* _The task_:
Please retype the listing exactly as it appears, skipping each picture.

───── Extracted information

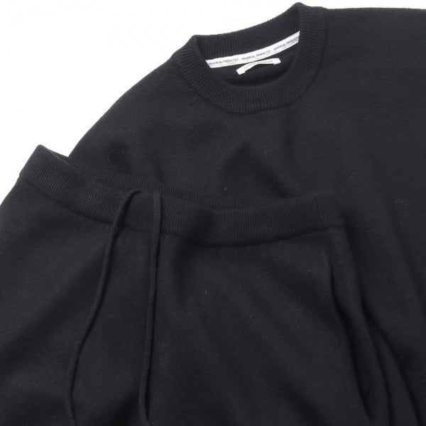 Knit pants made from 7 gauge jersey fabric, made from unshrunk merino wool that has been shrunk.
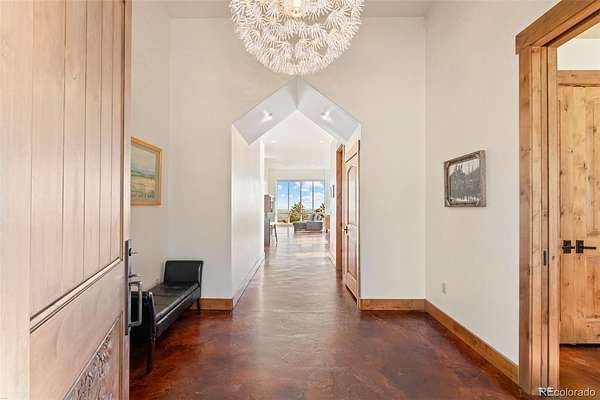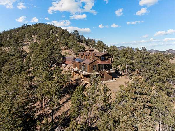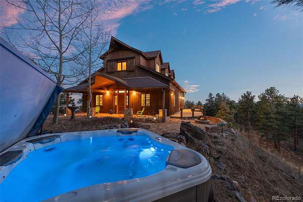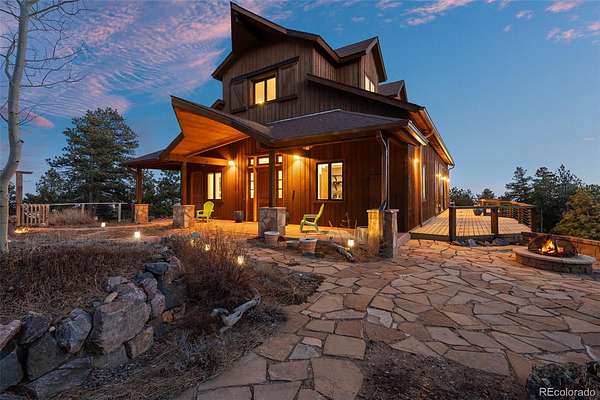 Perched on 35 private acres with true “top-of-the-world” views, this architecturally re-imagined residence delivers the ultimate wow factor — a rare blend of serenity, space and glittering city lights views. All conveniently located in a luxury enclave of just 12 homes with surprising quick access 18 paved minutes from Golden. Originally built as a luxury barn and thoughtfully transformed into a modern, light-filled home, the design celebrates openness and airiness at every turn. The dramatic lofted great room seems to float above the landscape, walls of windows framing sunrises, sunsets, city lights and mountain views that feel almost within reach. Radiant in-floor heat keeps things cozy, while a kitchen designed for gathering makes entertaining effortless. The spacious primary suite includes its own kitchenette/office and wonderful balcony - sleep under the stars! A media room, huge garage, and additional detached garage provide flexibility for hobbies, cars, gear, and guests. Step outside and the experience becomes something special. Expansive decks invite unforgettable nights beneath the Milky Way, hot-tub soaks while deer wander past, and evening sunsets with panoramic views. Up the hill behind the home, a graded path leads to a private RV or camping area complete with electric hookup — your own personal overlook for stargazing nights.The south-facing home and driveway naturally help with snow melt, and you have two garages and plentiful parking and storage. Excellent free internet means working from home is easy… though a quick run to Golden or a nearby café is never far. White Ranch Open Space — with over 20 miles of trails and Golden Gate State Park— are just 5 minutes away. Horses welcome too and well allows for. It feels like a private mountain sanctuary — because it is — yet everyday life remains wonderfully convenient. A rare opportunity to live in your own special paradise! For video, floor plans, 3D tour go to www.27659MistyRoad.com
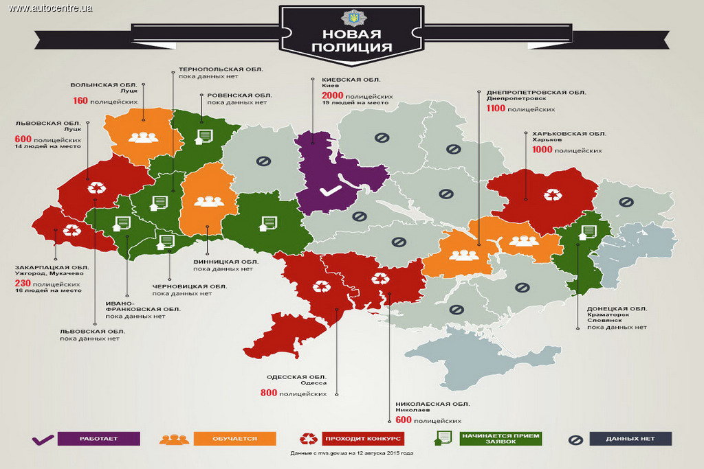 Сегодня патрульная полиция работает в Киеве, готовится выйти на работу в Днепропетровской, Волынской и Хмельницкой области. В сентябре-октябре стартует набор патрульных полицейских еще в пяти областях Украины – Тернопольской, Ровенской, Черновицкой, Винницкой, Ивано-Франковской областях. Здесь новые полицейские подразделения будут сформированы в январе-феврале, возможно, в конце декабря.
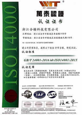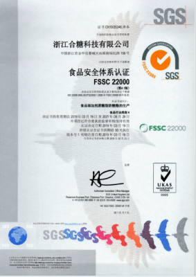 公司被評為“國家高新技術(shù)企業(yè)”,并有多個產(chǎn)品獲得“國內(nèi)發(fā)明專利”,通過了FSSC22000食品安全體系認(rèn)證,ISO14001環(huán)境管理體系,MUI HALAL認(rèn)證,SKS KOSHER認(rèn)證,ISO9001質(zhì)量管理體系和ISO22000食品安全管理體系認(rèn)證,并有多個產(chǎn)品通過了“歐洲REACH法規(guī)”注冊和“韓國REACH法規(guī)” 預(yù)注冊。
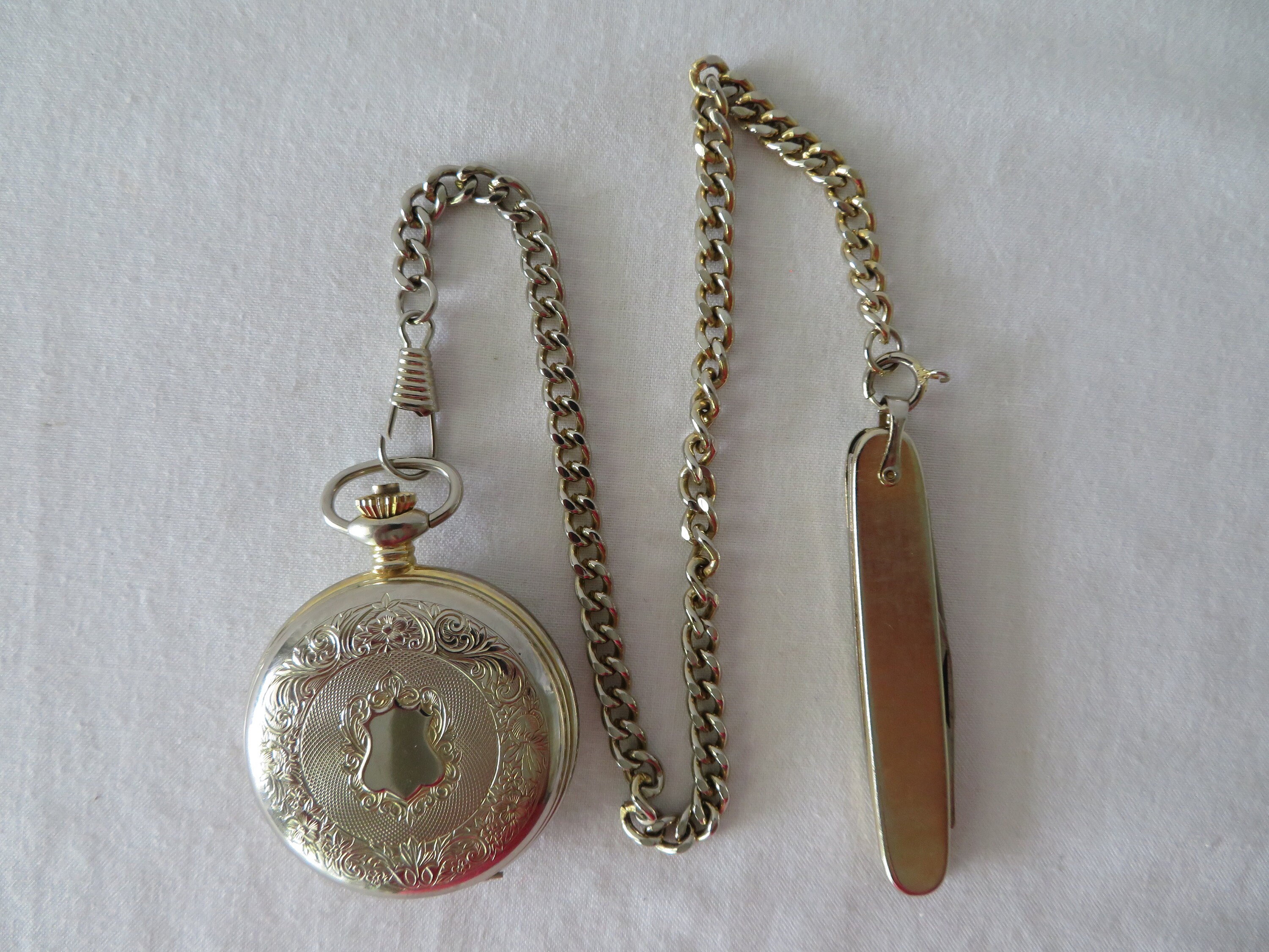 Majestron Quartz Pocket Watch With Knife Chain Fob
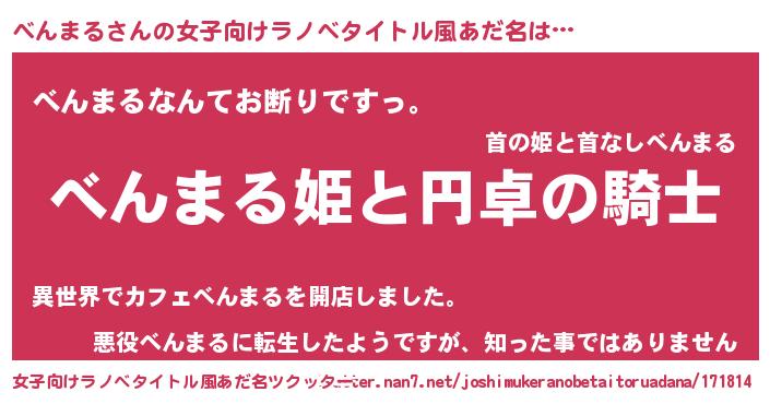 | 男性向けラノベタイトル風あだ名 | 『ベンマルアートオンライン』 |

──────────

* _Expected answer_:
 Knit pants made from 7 gauge jersey fabric, made from unshrunk merino wool that has been shrunk.
 Perched on 35 private acres with true “top-of-the-world” views, this architecturally re-imagined residence delivers the ultimate wow factor — a rare blend of serenity, space and glittering city lights views. All conveniently located in a luxury enclave of just 12 homes with surprising quick access 18 paved minutes from Golden. Originally built as a luxury barn and thoughtfully transformed into a modern, light-filled home, the design celebrates openness and airiness at every turn. The dramatic lofted great room seems to float above the landscape, walls of windows framing sunrises, sunsets, city lights and mountain views that feel almost within reach. Radiant in-floor heat keeps things cozy, while a kitchen designed for gathering makes entertaining effortless. The spacious primary suite includes its own kitchenette/office and wonderful balcony - sleep under the stars! A media room, huge garage, and additional detached garage provide flexibility for hobbies, cars, gear, and guests. Step outside and the experience becomes something special. Expansive decks invite unforgettable nights beneath the Milky Way, hot-tub soaks while deer wander past, and evening sunsets with panoramic views. Up the hill behind the home, a graded path leads to a private RV or camping area complete with electric hookup — your own personal overlook for stargazing nights.The south-facing home and driveway naturally help with snow melt, and you have two garages and plentiful parking and storage. Excellent free internet means working from home is easy… though a quick run to Golden or a nearby café is never far. White Ranch Open Space — with over 20 miles of trails and Golden Gate State Park— are just 5 minutes away. Horses welcome too and well allows for. It feels like a private mountain sanctuary — because it is — yet everyday life remains wonderfully convenient. A rare opportunity to live in your own special paradise! For video, floor plans, 3D tour go to www.27659MistyRoad.com
 Сегодня патрульная полиция работает в Киеве, готовится выйти на работу в Днепропетровской, Волынской и Хмельницкой области. В сентябре-октябре стартует набор патрульных полицейских еще в пяти областях Украины – Тернопольской, Ровенской, Черновицкой, Винницкой, Ивано-Франковской областях. Здесь новые полицейские подразделения будут сформированы в январе-феврале, возможно, в конце декабря.
 公司被評為“國家高新技術(shù)企業(yè)”,并有多個產(chǎn)品獲得“國內(nèi)發(fā)明專利”,通過了FSSC22000食品安全體系認(rèn)證,ISO14001環(huán)境管理體系,MUI HALAL認(rèn)證,SKS KOSHER認(rèn)證,ISO9001質(zhì)量管理體系和ISO22000食品安全管理體系認(rèn)證,并有多個產(chǎn)品通過了“歐洲REACH法規(guī)”注冊和“韓國REACH法規(guī)” 預(yù)注冊。
 Majestron Quartz Pocket Watch With Knife Chain Fob
 | 男性向けラノベタイトル風あだ名 | 『ベンマルアートオンライン』 |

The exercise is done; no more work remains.